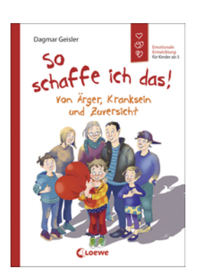
That's How I Can Do It! Of Anger, Being Sick and Confidence
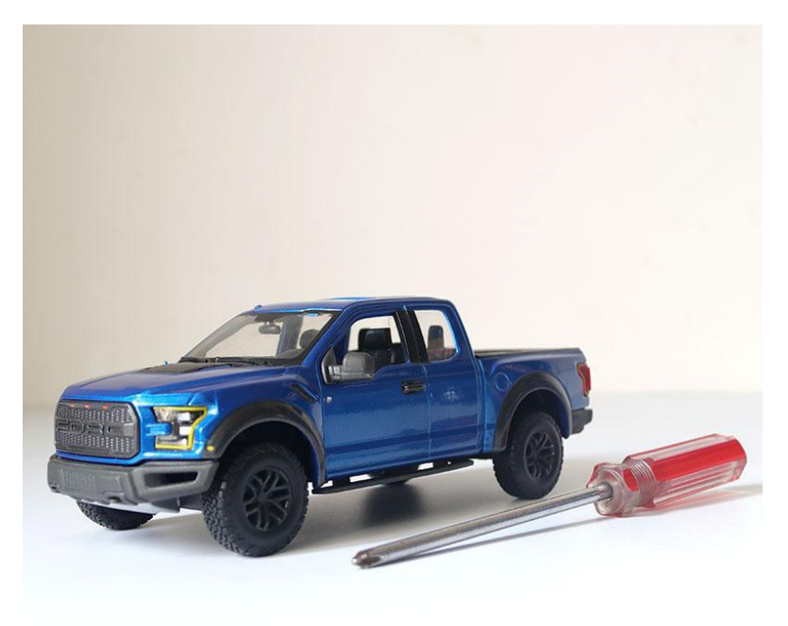
JDM-139 1/24 Rascal All Metal Scale Truck Chassis Set Instruction Sheet

The bodies shown in this manual are the <u>Maisto F150</u> and are only shown for example, they are neither included nor sold by RC4WD.

-- What you will do --
Exactly as given, transcribe every line of the data, but not its images.

-- Output of the exercise --
That's How I Can Do It! Of Anger, Being Sick and Confidence
JDM-139 1/24 Rascal All Metal Scale Truck Chassis Set Instruction Sheet

The bodies shown in this manual are the <u>Maisto F150</u> and are only shown for example, they are neither included nor sold by RC4WD.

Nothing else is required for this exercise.